RECORD EXCERPTS:
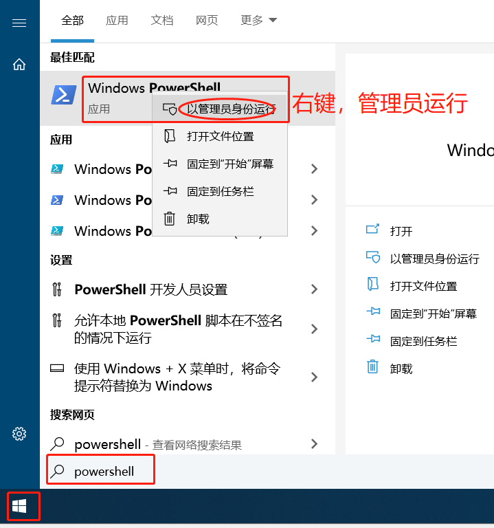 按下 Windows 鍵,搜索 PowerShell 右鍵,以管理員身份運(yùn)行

--

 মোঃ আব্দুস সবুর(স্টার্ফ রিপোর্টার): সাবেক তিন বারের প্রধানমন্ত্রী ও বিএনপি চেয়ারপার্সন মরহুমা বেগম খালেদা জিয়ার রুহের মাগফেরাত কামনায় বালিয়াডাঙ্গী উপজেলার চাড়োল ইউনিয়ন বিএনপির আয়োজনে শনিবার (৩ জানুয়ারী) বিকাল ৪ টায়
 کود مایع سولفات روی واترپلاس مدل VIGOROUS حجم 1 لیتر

--

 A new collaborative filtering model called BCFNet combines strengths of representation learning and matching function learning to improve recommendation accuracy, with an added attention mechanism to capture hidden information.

INSTRUCTIONS FOR THE TASK:
Starting at the line above that contains "মোঃ আব্দুস সবুর(স্টার্ফ", write out each line exactly until the line that contains "کود مایع سولفات" has been written, and stop there.

RESULT:
 মোঃ আব্দুস সবুর(স্টার্ফ রিপোর্টার): সাবেক তিন বারের প্রধানমন্ত্রী ও বিএনপি চেয়ারপার্সন মরহুমা বেগম খালেদা জিয়ার রুহের মাগফেরাত কামনায় বালিয়াডাঙ্গী উপজেলার চাড়োল ইউনিয়ন বিএনপির আয়োজনে শনিবার (৩ জানুয়ারী) বিকাল ৪ টায়
 کود مایع سولفات روی واترپلاس مدل VIGOROUS حجم 1 لیتر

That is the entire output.